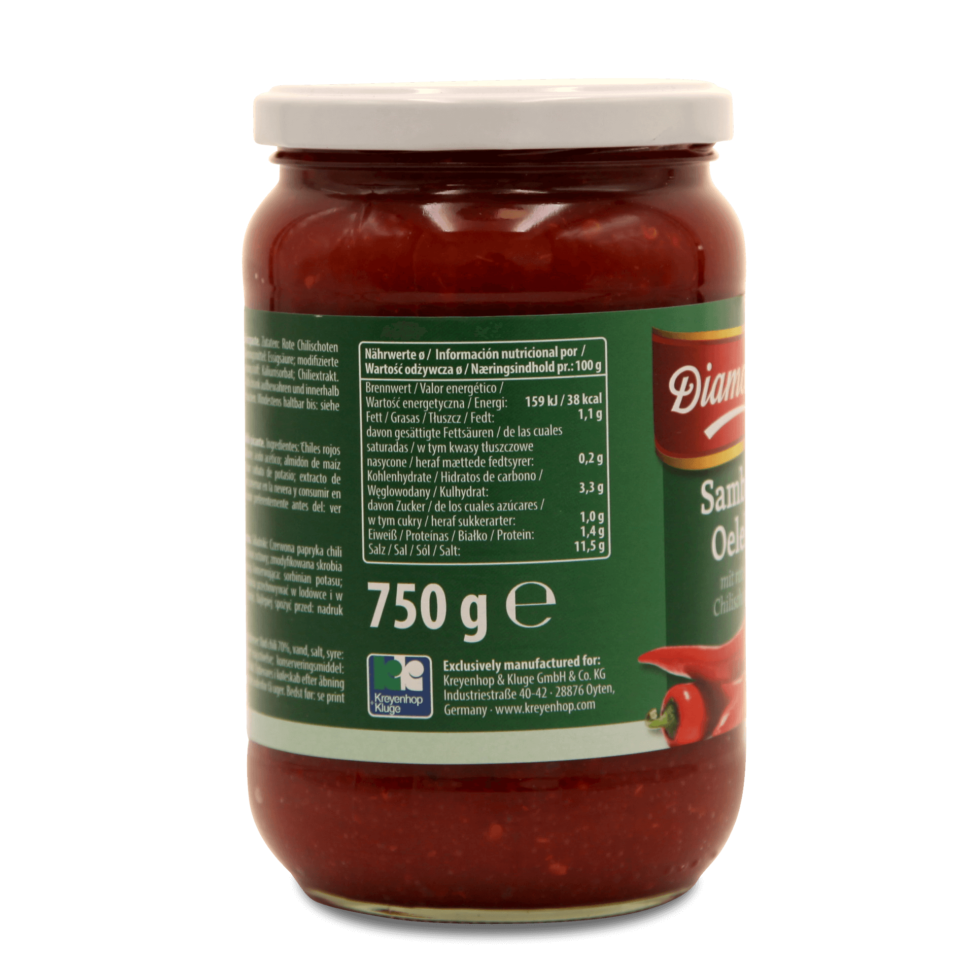 Rote Chilischoten 70%, Wasser, Salz, Säuerungsmittel: E260 Essigsäure; Modifizierte Maisstärke, Konservierungsstoff: E202 Kaliumsorbat
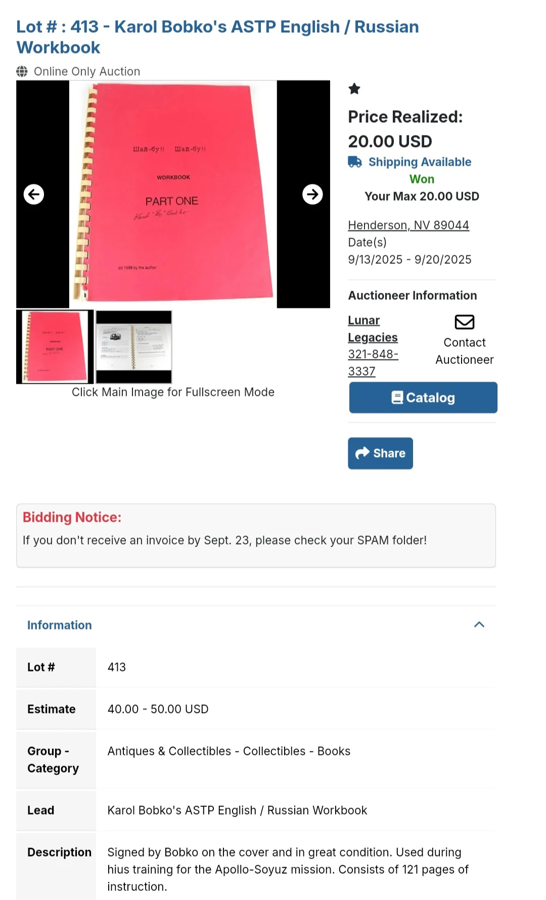I bought this from the auction for my Apollo-Soyuz collection:
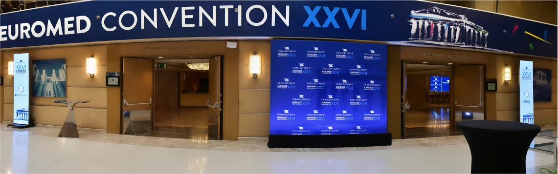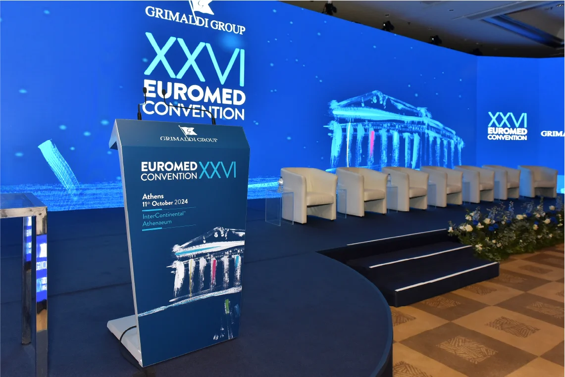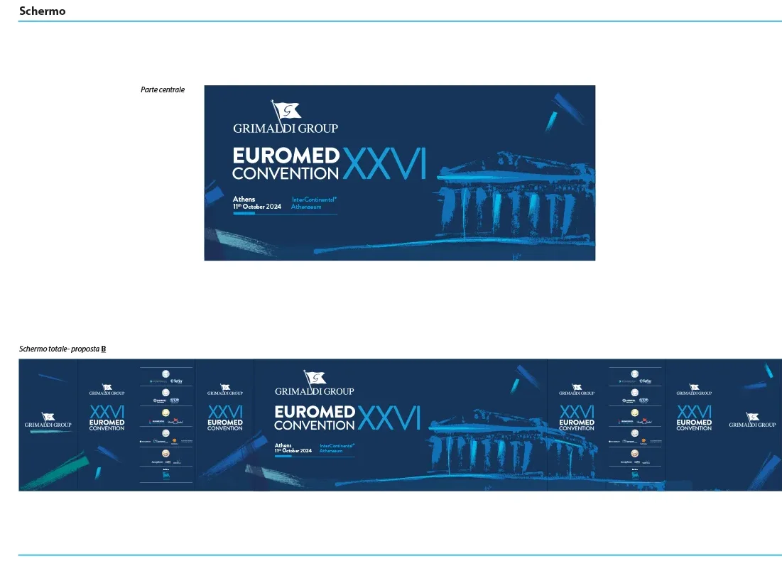 In occasione della Euromed Convention XXVI ad Atene, uno degli appuntamenti più rilevanti per il settore del trasporto marittimo, Grimaldi Group ha affidato ad AT ADV lo sviluppo grafico completo per lo stand espositivo istituzionale. Un ambiente elegante, coerente con l’identità del brand e capace di valorizzare l’importanza dell’evento.
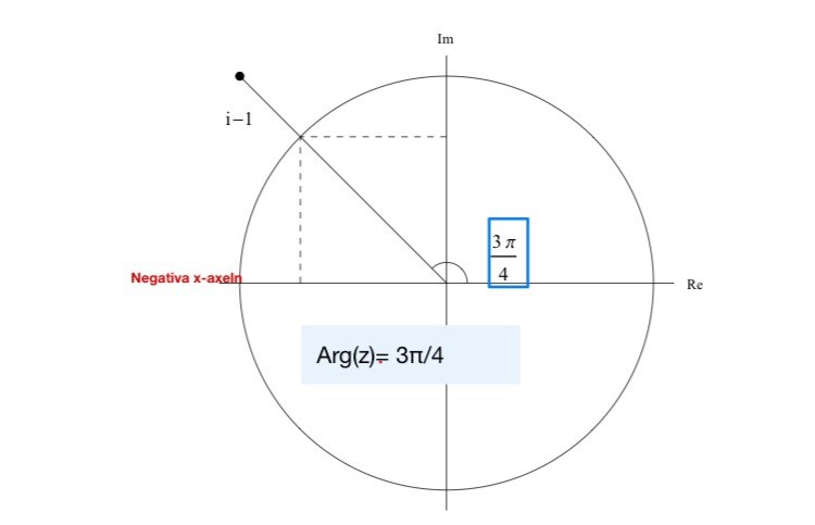 Ex. Arg(z) till z = i − 1 är 3π/4 eftersom vinkeln mellan linjen genom origo till
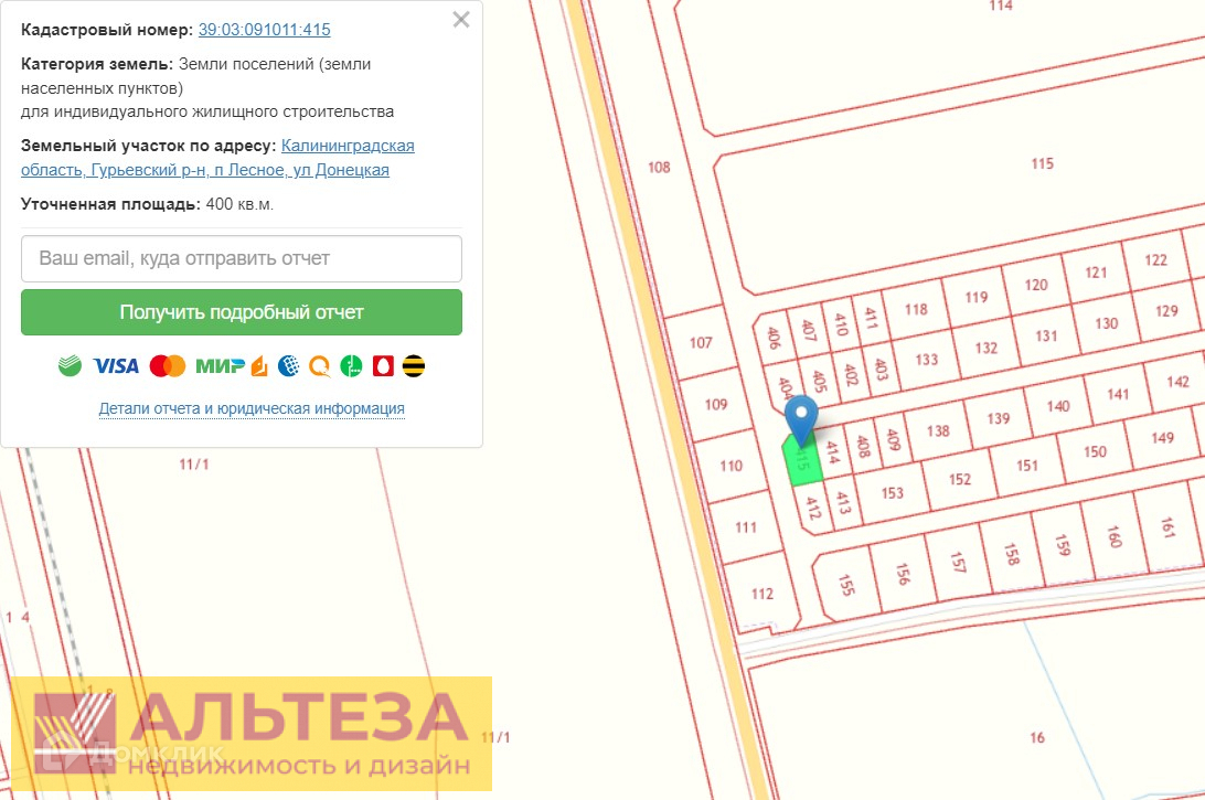 39:03:091011:415, Малое Отважное п, продается участок, 4 соток, Номер лота: 4064136
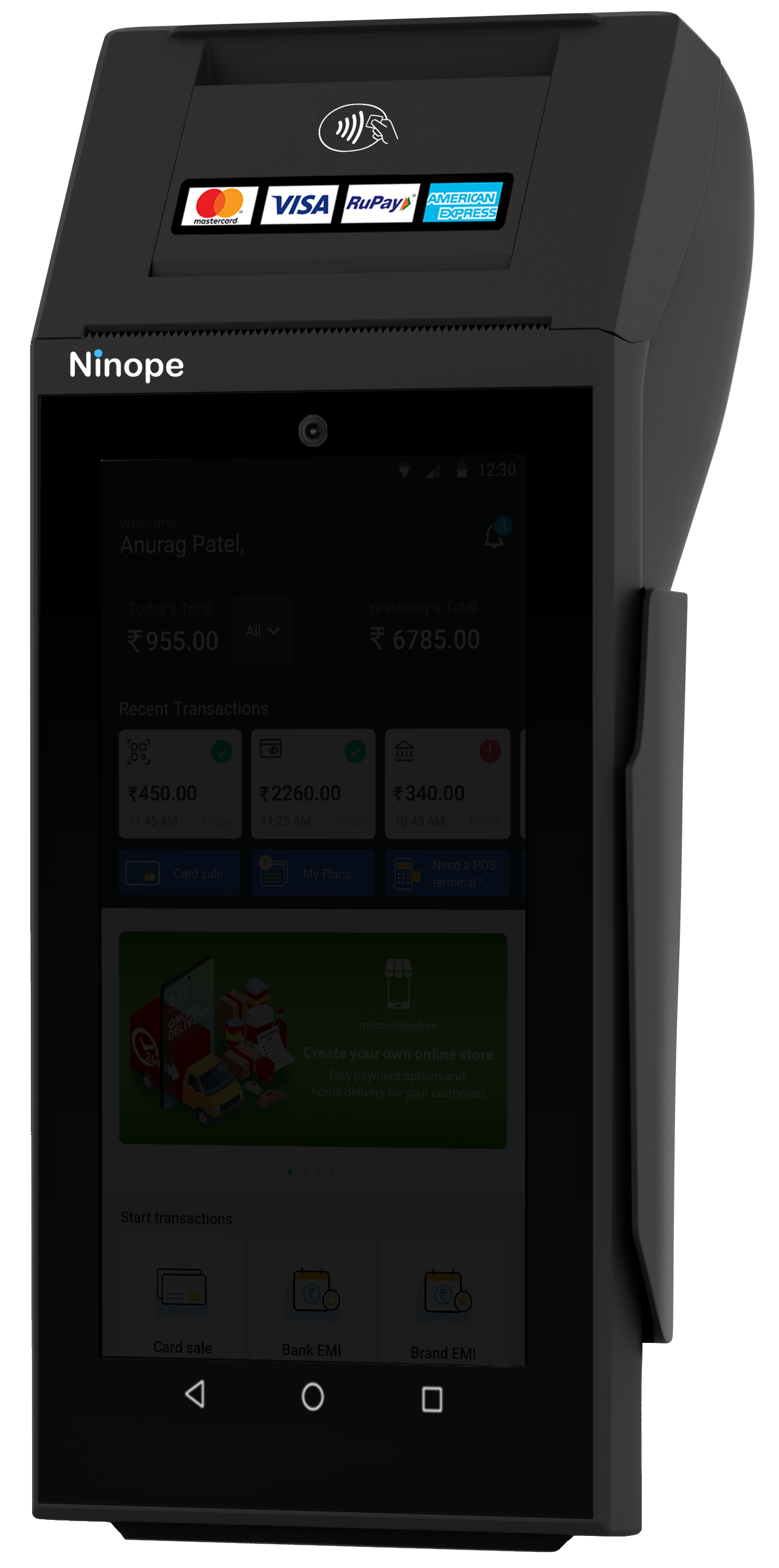 The Wisepad is Ninope’s first POS terminal and is trusted by Merchants across 900+ cities in India. This classic terminal has an EMV reader and connects with a smartphone via Bluetooth to perform card transactions.
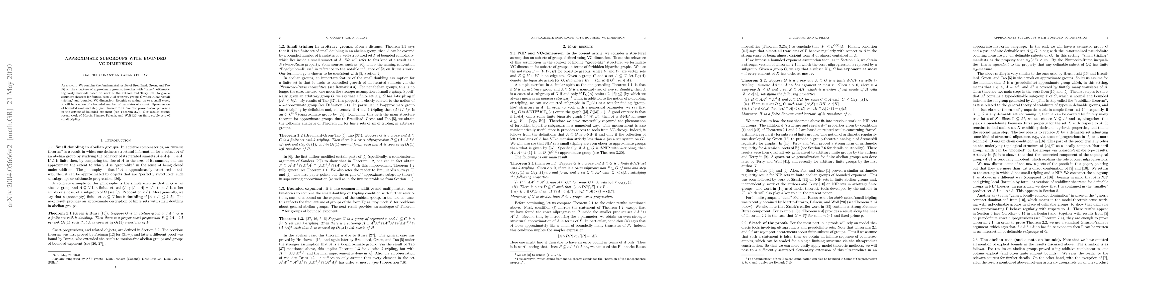 This paper combines results on the structure of approximate groups and "tame" arithmetic regularity methods to develop a structure theorem for finite subsets of arbitrary groups with small tripling and bounded VC-dimension. The theorem shows that such subsets can be approximated by a union of a bounded number of translates of coset nilprogressions of bounded rank and step.
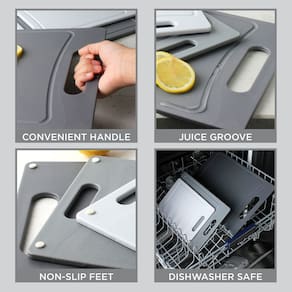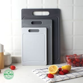 - OPÇÕES DE TAMANHOS DIFERENTES - De fatiar carne a picar uvas, este conjunto de tábuas de corte de plástico vem com uma tábua de tamanho excelente para suas necessidades de cozinha. As maiores medidas: 14", médio: 12" e pequeno: 9,5".

+++

*WHAT THE TASK ASKS:*
The copy should hold exactly the lines from the line containing "Ex. Arg(z) till" through the last line of the records, both included, and no pictures or other lines.

*RESPONSE TO THIS EXERCISE:*
 Ex. Arg(z) till z = i − 1 är 3π/4 eftersom vinkeln mellan linjen genom origo till
 39:03:091011:415, Малое Отважное п, продается участок, 4 соток, Номер лота: 4064136
 The Wisepad is Ninope’s first POS terminal and is trusted by Merchants across 900+ cities in India. This classic terminal has an EMV reader and connects with a smartphone via Bluetooth to perform card transactions.
 This paper combines results on the structure of approximate groups and "tame" arithmetic regularity methods to develop a structure theorem for finite subsets of arbitrary groups with small tripling and bounded VC-dimension. The theorem shows that such subsets can be approximated by a union of a bounded number of translates of coset nilprogressions of bounded rank and step.
 - OPÇÕES DE TAMANHOS DIFERENTES - De fatiar carne a picar uvas, este conjunto de tábuas de corte de plástico vem com uma tábua de tamanho excelente para suas necessidades de cozinha. As maiores medidas: 14", médio: 12" e pequeno: 9,5".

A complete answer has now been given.